REQUIREMENT: In the listing below, locate the line with "A set of icons" and the line with "經(jīng)過激烈的角逐,此次合唱比賽", then output both and everything between them exactly, minus any pictures.
DATA FOR ANALYSIS START
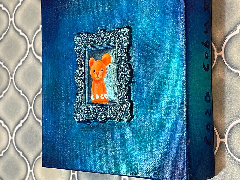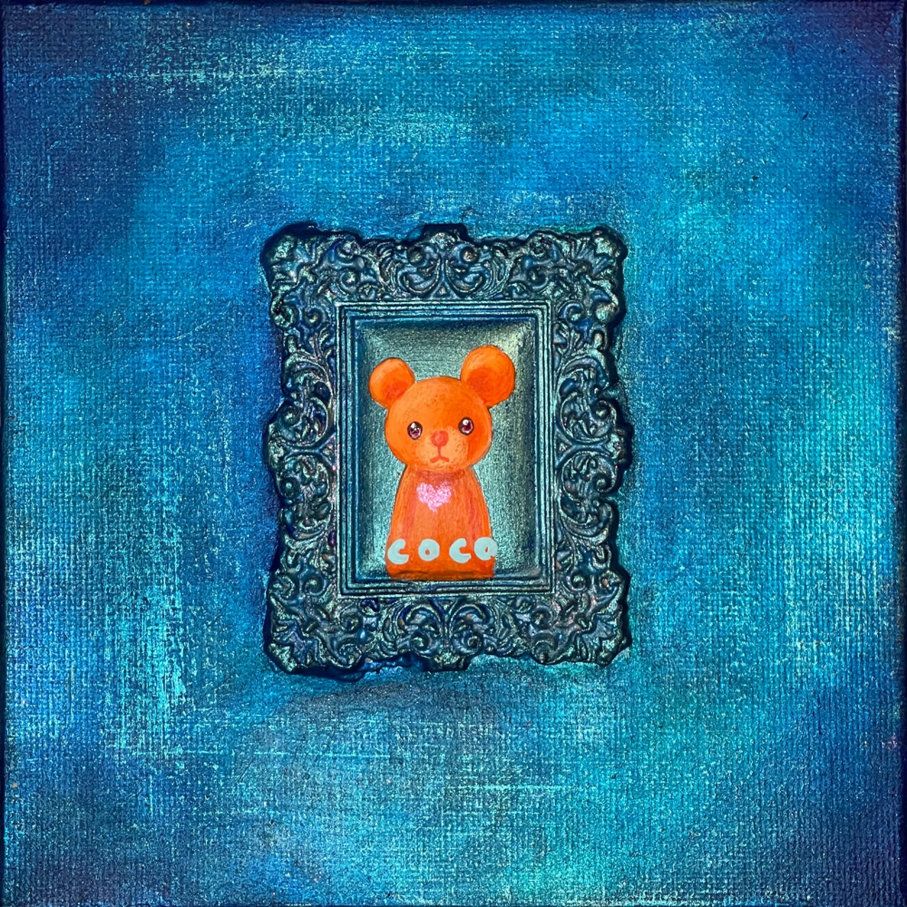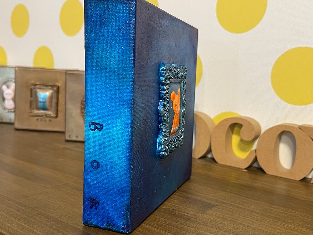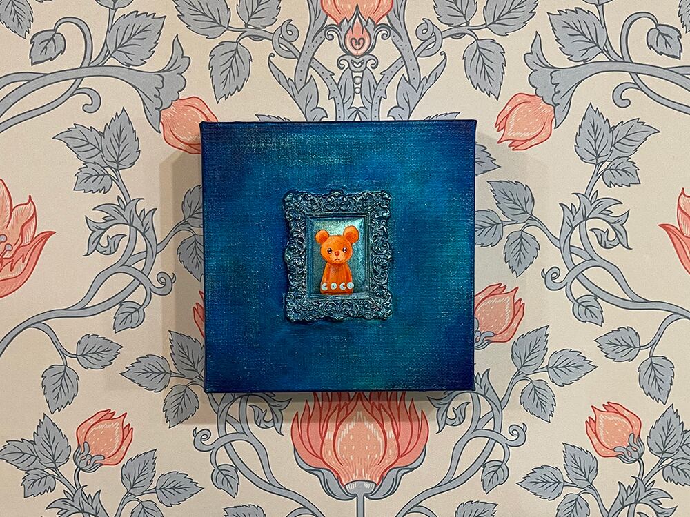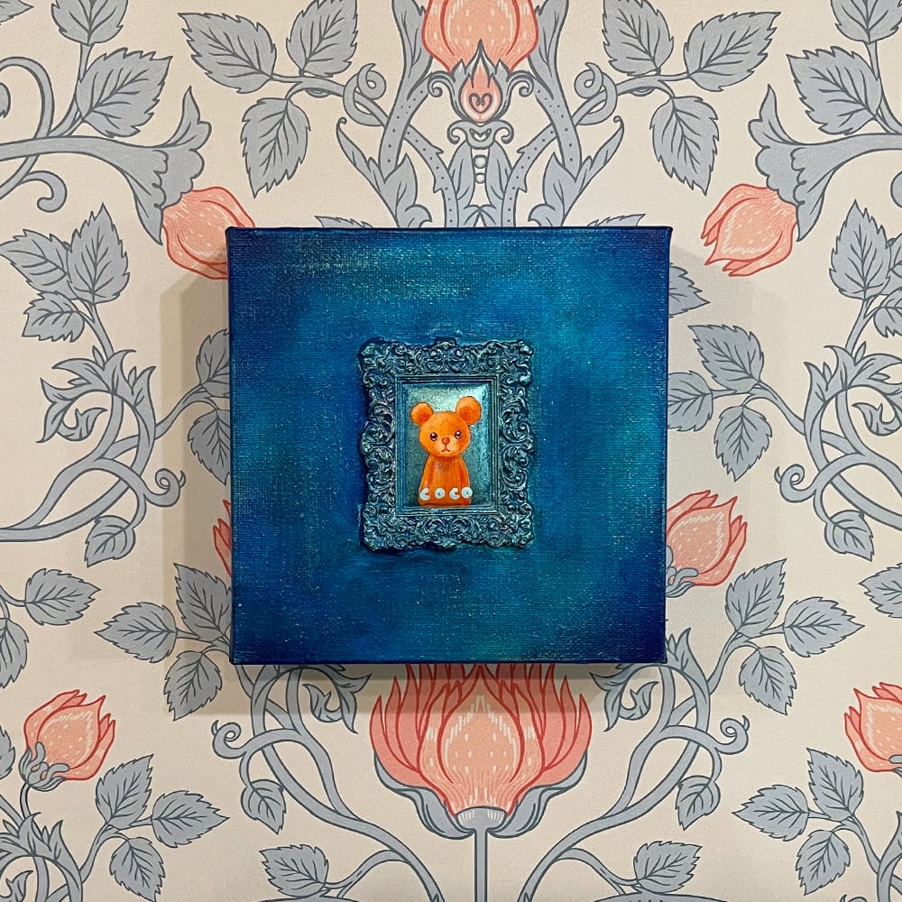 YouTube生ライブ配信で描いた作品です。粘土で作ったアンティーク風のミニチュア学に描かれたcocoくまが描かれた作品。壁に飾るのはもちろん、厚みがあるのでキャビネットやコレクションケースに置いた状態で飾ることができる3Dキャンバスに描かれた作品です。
DATA FOR ANALYSIS END
DATA FOR ANALYSIS START
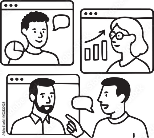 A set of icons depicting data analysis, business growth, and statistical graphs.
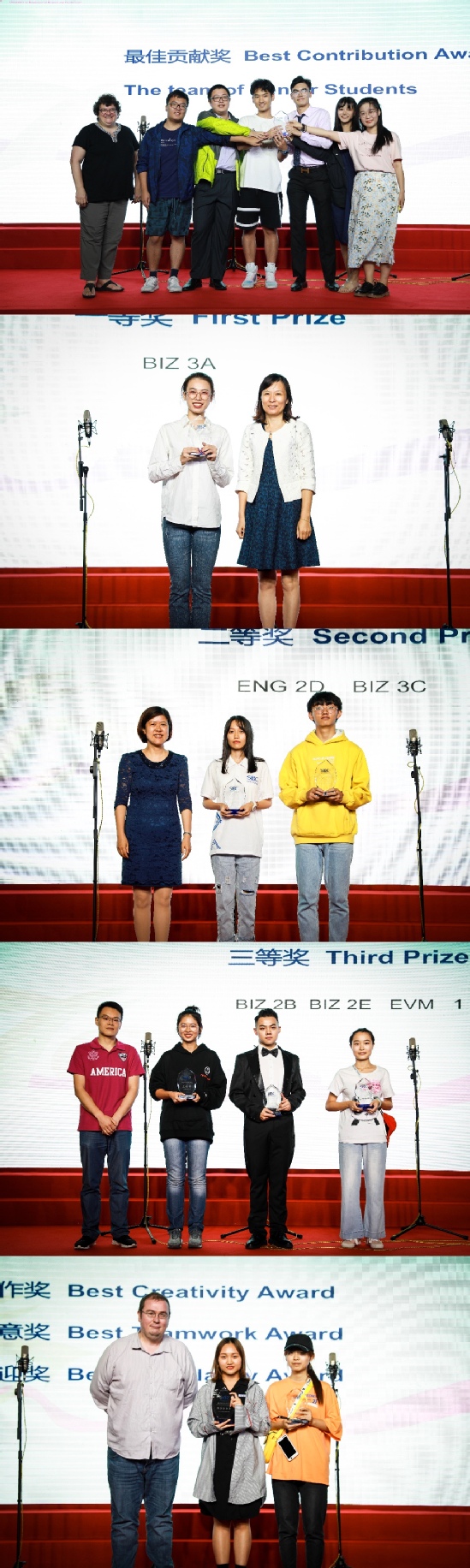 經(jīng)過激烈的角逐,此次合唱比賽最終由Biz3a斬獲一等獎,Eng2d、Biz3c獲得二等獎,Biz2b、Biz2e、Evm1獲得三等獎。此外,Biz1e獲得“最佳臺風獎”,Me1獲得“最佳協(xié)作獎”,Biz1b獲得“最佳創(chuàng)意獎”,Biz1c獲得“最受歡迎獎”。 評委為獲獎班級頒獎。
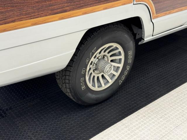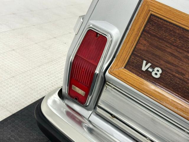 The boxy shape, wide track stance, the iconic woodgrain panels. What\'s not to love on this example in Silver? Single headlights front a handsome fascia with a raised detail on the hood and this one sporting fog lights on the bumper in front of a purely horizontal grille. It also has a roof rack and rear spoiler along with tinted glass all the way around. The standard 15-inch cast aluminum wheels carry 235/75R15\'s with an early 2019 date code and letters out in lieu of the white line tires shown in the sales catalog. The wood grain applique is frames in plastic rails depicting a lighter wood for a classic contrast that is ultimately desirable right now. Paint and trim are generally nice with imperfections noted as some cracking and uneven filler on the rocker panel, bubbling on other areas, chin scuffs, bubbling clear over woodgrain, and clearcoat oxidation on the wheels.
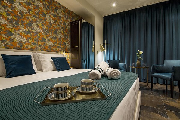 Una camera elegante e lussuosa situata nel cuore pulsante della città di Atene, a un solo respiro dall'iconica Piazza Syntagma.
DATA FOR ANALYSIS END
DATA FOR ANALYSIS START
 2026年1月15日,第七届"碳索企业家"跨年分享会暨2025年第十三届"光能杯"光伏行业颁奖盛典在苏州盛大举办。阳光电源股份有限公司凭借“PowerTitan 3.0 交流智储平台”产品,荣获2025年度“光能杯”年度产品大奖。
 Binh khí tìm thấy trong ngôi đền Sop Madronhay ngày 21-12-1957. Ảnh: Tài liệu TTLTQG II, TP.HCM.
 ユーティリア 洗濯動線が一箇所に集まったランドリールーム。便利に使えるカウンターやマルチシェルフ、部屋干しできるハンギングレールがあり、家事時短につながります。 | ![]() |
DATA FOR ANALYSIS END
RESULT OF THE EXERCISE:
 A set of icons depicting data analysis, business growth, and statistical graphs.
 經(jīng)過激烈的角逐,此次合唱比賽最終由Biz3a斬獲一等獎,Eng2d、Biz3c獲得二等獎,Biz2b、Biz2e、Evm1獲得三等獎。此外,Biz1e獲得“最佳臺風獎”,Me1獲得“最佳協(xié)作獎”,Biz1b獲得“最佳創(chuàng)意獎”,Biz1c獲得“最受歡迎獎”。 評委為獲獎班級頒獎。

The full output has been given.